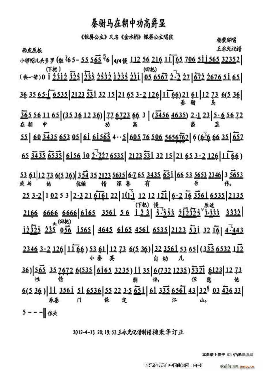 [京剧曲谱]秦驸马在朝中功高爵显(《银屏公主》选段、琴谱) 京剧唱谱 杨荣环
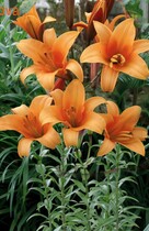 Трубчатые цветки лилии African Queen (Африкан Квин)абрикосово-оранжевого цвета с фиолетово-коричневыми внешними мазками, обладают очень насыщенным ароматом. Соцветие кистевидное, состоит из 3-6 цветков.Лилия African Queen (Африкан Квин) предпочтет солнечный участок и нуждается в хорошем дренаже и слабокислой почве. Если кислотность повышена, то добавьте древесную золу, мел или негашеную известь.
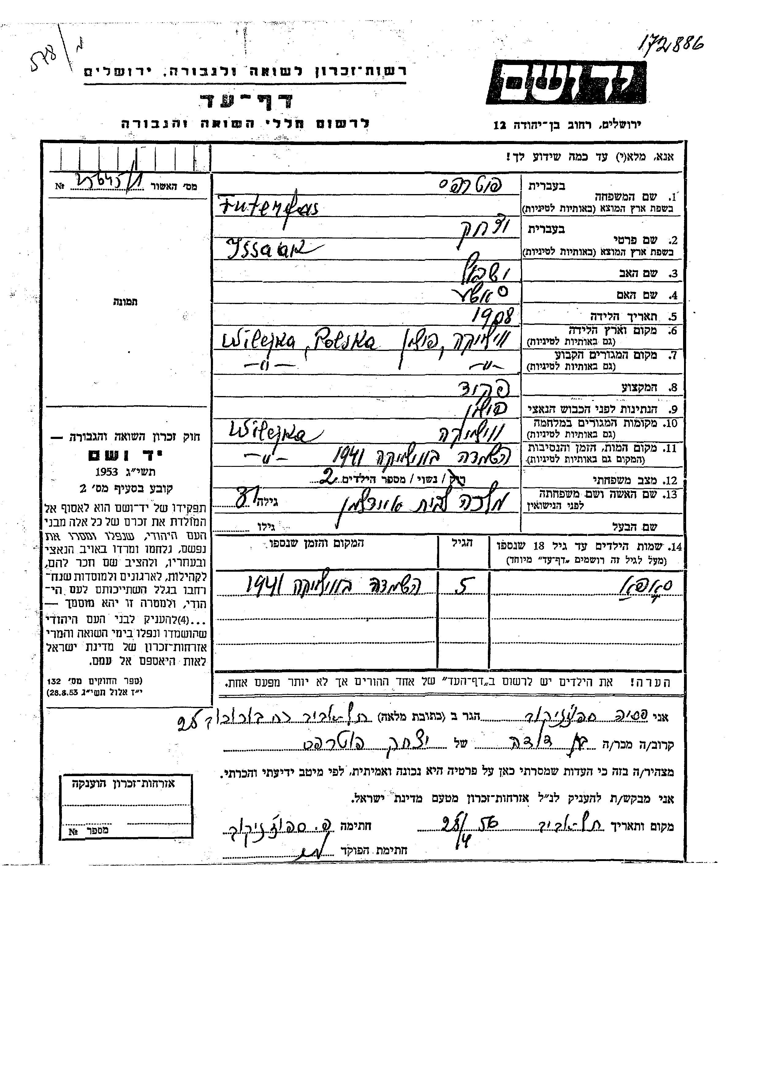 Issaak Futerfas wurde im Jahr 1908 in Wilejka, Polen geboren. Er war der Sohn von Yisrael und Soshe. Er war Angestellte/-r und mit Malka, geb. Eidelman Verheiratet. Vor dem Zweiten Weltkrieg lebte er in Wilejka, Polen. Während des Krieges war er in Wilejka, Polen.
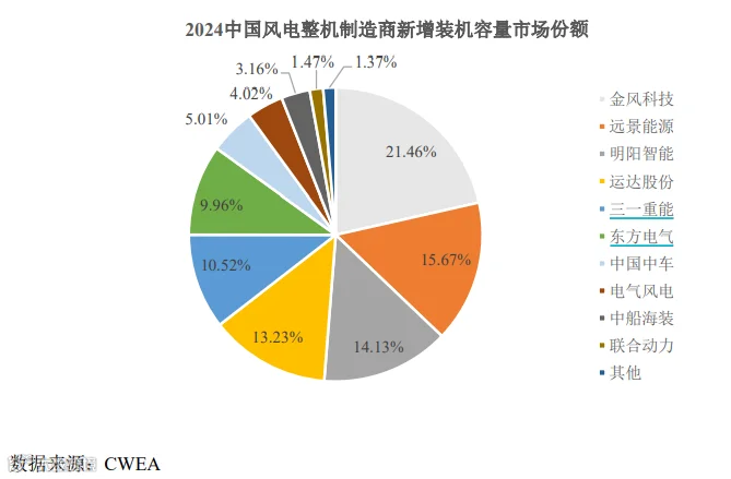 在风电行业持续发展的背景下,中国风电市场的行业集中度逐步提升。根据 CWEA,2024 年前五大风电整机制造商新增装机容量占总新增装机容量的 75.01%;前十大风电整机制造商新增装机容量占总新增装机容量的 98.63%。金 风科技、远景能源稳居前二,已经形成较大的领先优势。
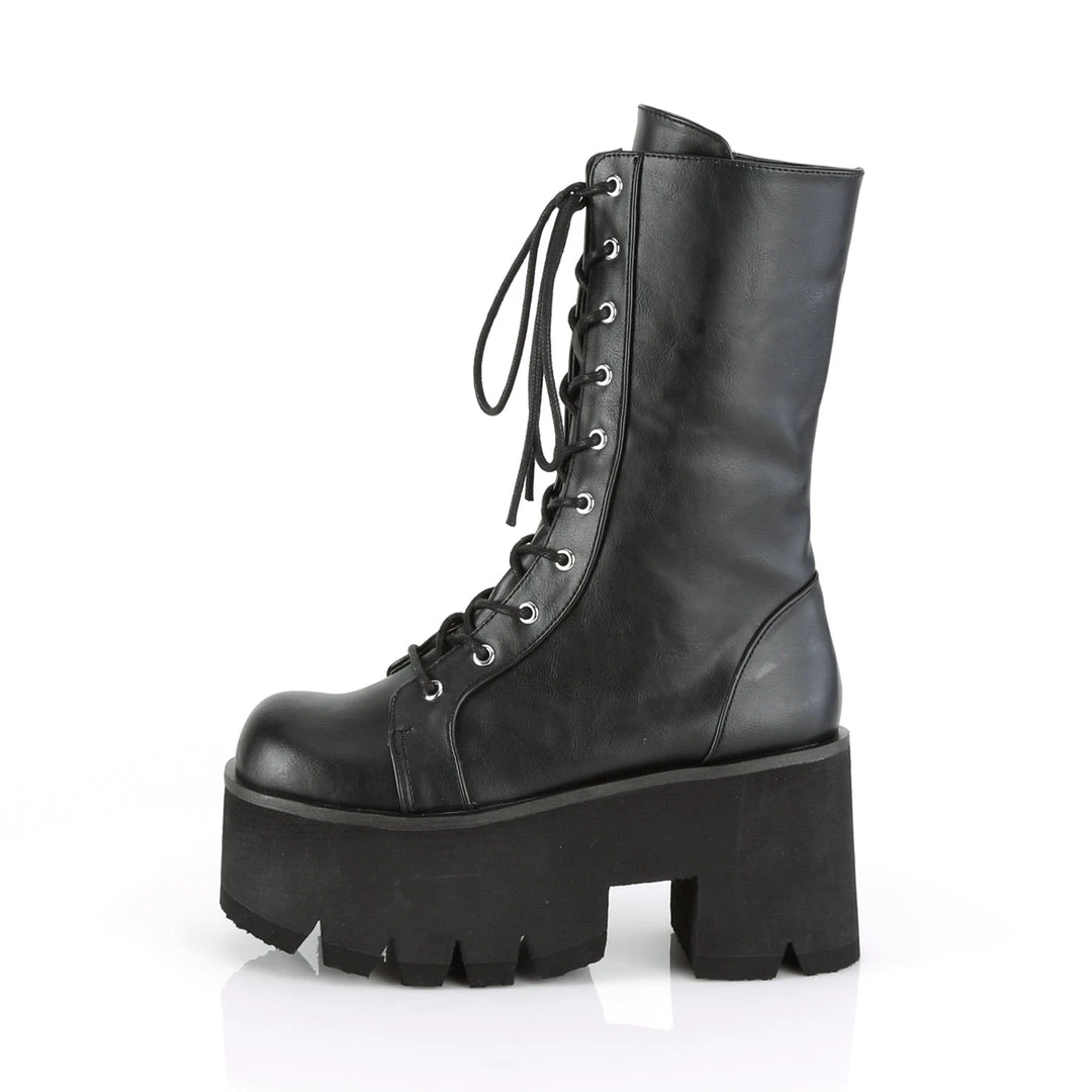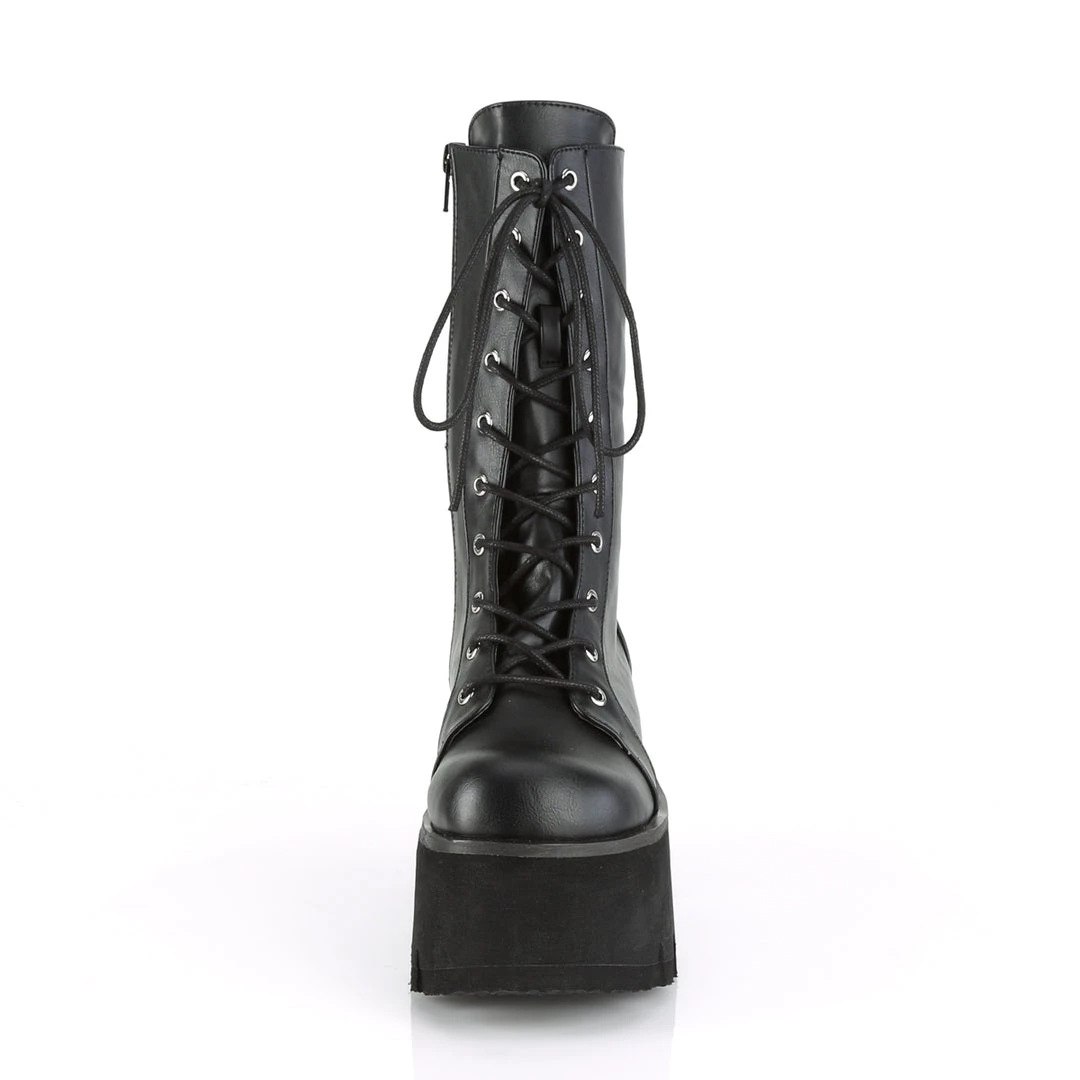 Be on trend with these 3 1/2″ (90mm) Chunky Heel, 2 1/4″ Platform Lace/Up Mid/Calf Boots with side zippers.
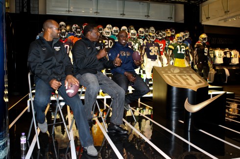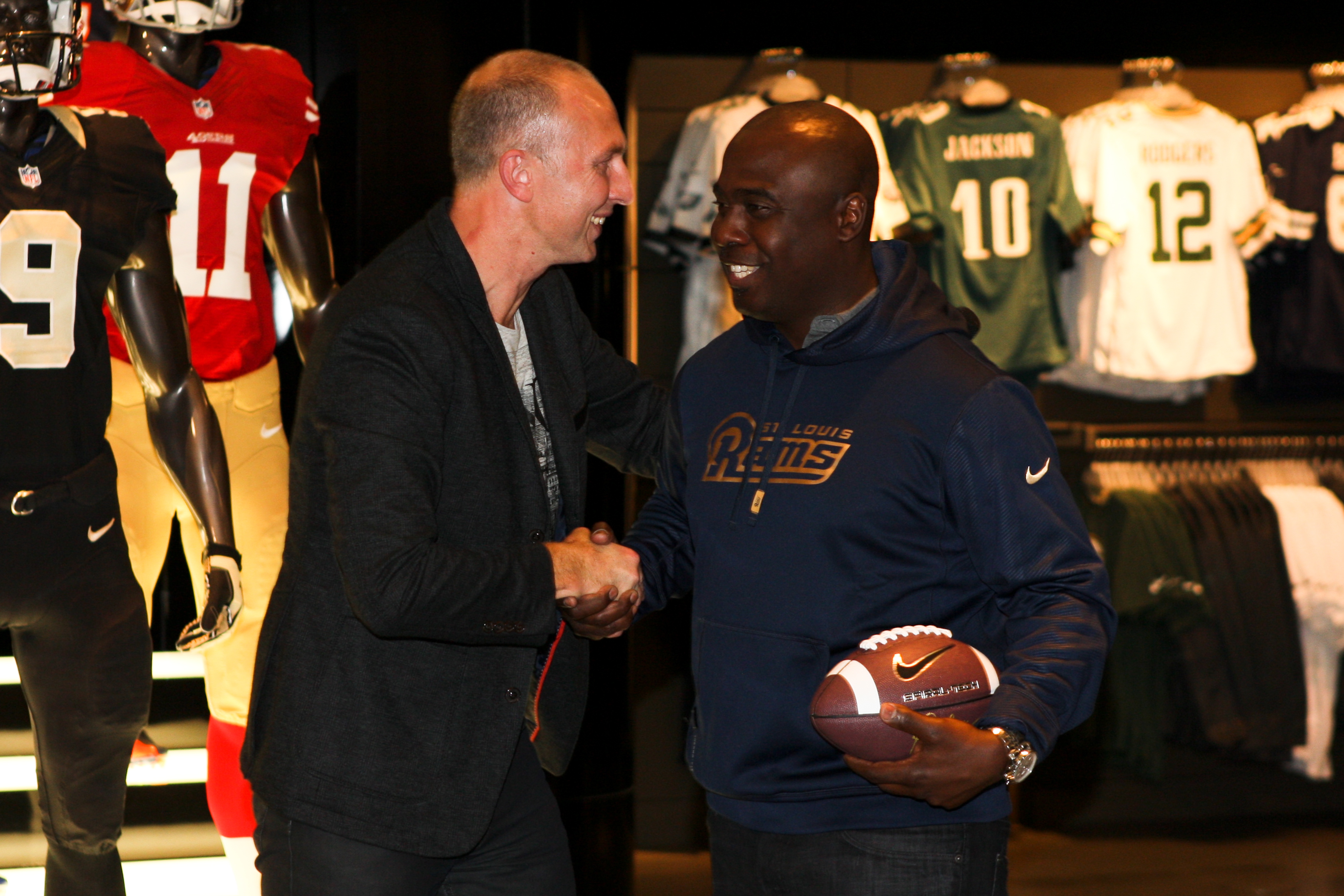 Marshall Faulk, Torry Holt and Jackie Slater were speaking at NikeTown London ahead of the NFL International Series this weekend between the St.Louis Rams and New England Patriots. Visit the Nike’s Flagship Oxford Street store for more information as Nike continue to deliver the ultimate International football experience.

# PROBLEM DETAILS:
Give back each line above verbatim, dropping every picture.

# EXERCISE SOLUTION:
 [京剧曲谱]秦驸马在朝中功高爵显(《银屏公主》选段、琴谱) 京剧唱谱 杨荣环
 Трубчатые цветки лилии African Queen (Африкан Квин)абрикосово-оранжевого цвета с фиолетово-коричневыми внешними мазками, обладают очень насыщенным ароматом. Соцветие кистевидное, состоит из 3-6 цветков.Лилия African Queen (Африкан Квин) предпочтет солнечный участок и нуждается в хорошем дренаже и слабокислой почве. Если кислотность повышена, то добавьте древесную золу, мел или негашеную известь.
 Issaak Futerfas wurde im Jahr 1908 in Wilejka, Polen geboren. Er war der Sohn von Yisrael und Soshe. Er war Angestellte/-r und mit Malka, geb. Eidelman Verheiratet. Vor dem Zweiten Weltkrieg lebte er in Wilejka, Polen. Während des Krieges war er in Wilejka, Polen.
 在风电行业持续发展的背景下,中国风电市场的行业集中度逐步提升。根据 CWEA,2024 年前五大风电整机制造商新增装机容量占总新增装机容量的 75.01%;前十大风电整机制造商新增装机容量占总新增装机容量的 98.63%。金 风科技、远景能源稳居前二,已经形成较大的领先优势。
 Be on trend with these 3 1/2″ (90mm) Chunky Heel, 2 1/4″ Platform Lace/Up Mid/Calf Boots with side zippers.
 Marshall Faulk, Torry Holt and Jackie Slater were speaking at NikeTown London ahead of the NFL International Series this weekend between the St.Louis Rams and New England Patriots. Visit the Nike’s Flagship Oxford Street store for more information as Nike continue to deliver the ultimate International football experience.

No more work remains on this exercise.